The advertisement was for one of the commercial breakfast chatter shows nobly offering itself as the coordinator, in partnership with the ‘Queensland Government’, of mobilizing an ‘army of tradies’ for the State’s reconstruction.

Just in case it isn’t plain enough to anyone but me, it’s a crass and nauseating stunt.  The ‘army of tradies’ will naturally flock to where the work is without any coordination effort.  It’s called supply and demand and it’s worked without any help from the media or government for hundreds of years.

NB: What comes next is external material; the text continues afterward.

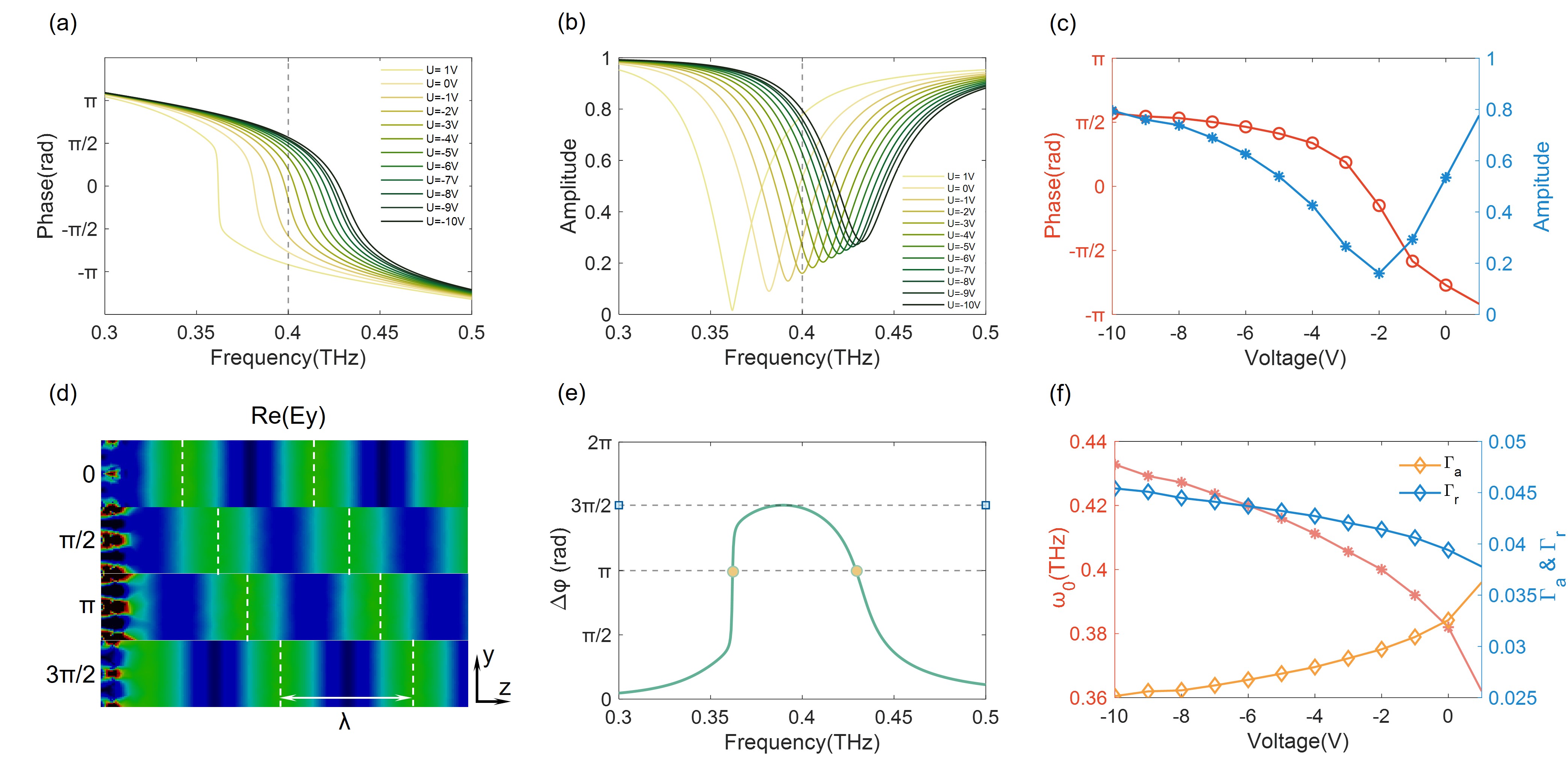 Figure 2. (a) and (b) The reflected phase and amplitude of metasurface biased by different voltages. (c) The phase and amplitude response at 0.4 THz with different voltage. (d) Reflected wavefront of fourth-order phase modulation at 0.4 THz for normal incidence. (e) Phase modulation depth at different frequencies. (f) The relationship between resonance frequency, absorption loss, radiation loss, and applied voltage.

Those who nevertheless participate in the circus will be motivated mostly by the offer of getting their 15 minutes of fame.  The TV channel will get endless hours of cheap and nasty programming — no talent or production values needed or paid for.  The Bligh Government gets free publicity for ‘supporting’ the ‘initiative’, thus appearing to be doing something when it really isn’t.

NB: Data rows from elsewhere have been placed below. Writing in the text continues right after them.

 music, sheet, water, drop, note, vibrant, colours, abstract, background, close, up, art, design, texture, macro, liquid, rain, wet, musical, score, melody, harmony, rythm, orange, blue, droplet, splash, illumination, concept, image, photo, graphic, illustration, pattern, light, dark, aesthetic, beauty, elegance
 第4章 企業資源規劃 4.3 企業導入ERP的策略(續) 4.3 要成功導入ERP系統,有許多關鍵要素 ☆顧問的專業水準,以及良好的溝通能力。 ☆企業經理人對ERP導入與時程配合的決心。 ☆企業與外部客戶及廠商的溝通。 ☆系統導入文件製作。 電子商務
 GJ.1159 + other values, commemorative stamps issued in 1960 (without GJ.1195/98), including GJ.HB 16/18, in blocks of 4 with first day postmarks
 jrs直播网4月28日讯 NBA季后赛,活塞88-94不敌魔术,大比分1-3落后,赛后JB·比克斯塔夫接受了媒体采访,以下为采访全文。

I hope this repulsive trivialization fails miserably to attract the audience numbers being angled for, and that both the TV channel and the State Government get sued if and when shonky work is done by tradespeople whose only goal is to get onto TV.

The whole things reminds me again of how the entire disaster was turned into a sickening media spectacle by politicians, from whom that is to be expected, and by ‘journalists’, a profession that seems these days to be comprised largely of individuals who have had consciences, judgement and any sense of professionalism surgically excised.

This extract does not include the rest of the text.